The song Lars Ulrich said had “the most classic riff of all time”

When talking about the greatest drummers of all time, Lars Ulrich is usually the first or very last that anyone would think of putting on their respective lists.

Although he helped turn his drumming into a core part of Metallica’s sound and steered them through each hardship that they ever had to face, it’s not like he’s the most technically gifted player in the world or didn’t have a few embarrassing moments in his catalogue. But his superpower wasn’t about being the greatest drummer; it was about being an unwavering fan of all stripes of rock and roll music throughout his career.

The only reason why he and James Hetfield managed to get together back in the day was them bonding over the greatest metal bands that they could get their hands on at the time. No one in the US had heard of bands like Diamond Head at the time, but as far as they were concerned, they were as important as The Rolling Stones in terms of convincing them to start putting together their own riffs.

But whenever talking about the legacy of heavy metal, there’s normally a hierarchy of people who get credit for starting it before Metallica. The Beatles had experimented with heavy tunes on ‘Helter Skelter’, and even The Kinks’ ‘You Really Got Me’ often gets cited as the first official “heavy metal” riff, but it wasn’t until bands like Black Sabbath rolled around that the genre seemed to clearly have a face. 

Although every single metal band on this Earth was influenced by Sabbath in some capacity, they weren’t alone, either. Led Zeppelin were already making heavy music that gave Sabbath a blueprint to work from, and it’s clear listening to ‘Paranoid’ that they heard ‘Communication Breakdown’ and managed to make it just a little bit more sinister when singing about feelings of paranoia and depression that Ozzy Osbourne was singing about.

For Ulrich, though, there was no greater influence than what Deep Purple did for music. The American market might not have had the same impression listening to many of Purple’s classics, but when inducting the band into the Rock and Roll Hall of Fame, Ulrich was the first in line to induct them. Still, he couldn’t help but call attention to the songs that even casual rock fans would know by the back of their hand.

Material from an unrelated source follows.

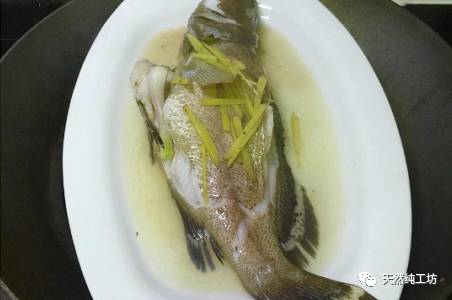 3.石斑鱼铺上姜丝,两段葱白,一起蒸

In naming all of their songs, Ulrich couldn’t be convinced that ‘Smoke on the Water’ wasn’t one of the best riffs that Ritchie Blackmore ever came up with, saying, “There’s one more song, right? The one everybody knows about Frank Zappa and a burning casino on a Swiss lake. The one that features perhaps the most classic riff of all time. The first thing anybody learns on guitar. The riff that has actually been banned in music stores to preserve the sanity of the staff. The riff that even I, the most illiterate guitar player in the world, can actually play.”

While the song has entered into that exclusive club of being a makeshift Guitar Centre employee torture device, that doesn’t discount the power of the riff, either. Blackmore was already working with much more simplistic arrangements on Machine Head, and hearing him take only four notes and make them feel as important as a classical piece of music is half of what all good hard rock is all about.

Purple were far from the first band to identify with the term ‘heavy metal’ when they started making music, but listening to ‘Smoke on the Water’, there’s definitely the skeleton of the genre hidden somewhere in its grooves. Most people would consider this standard rock and roll, but heavy metal is a genre that proves all good music lies in the delivery rather than the notes on the page.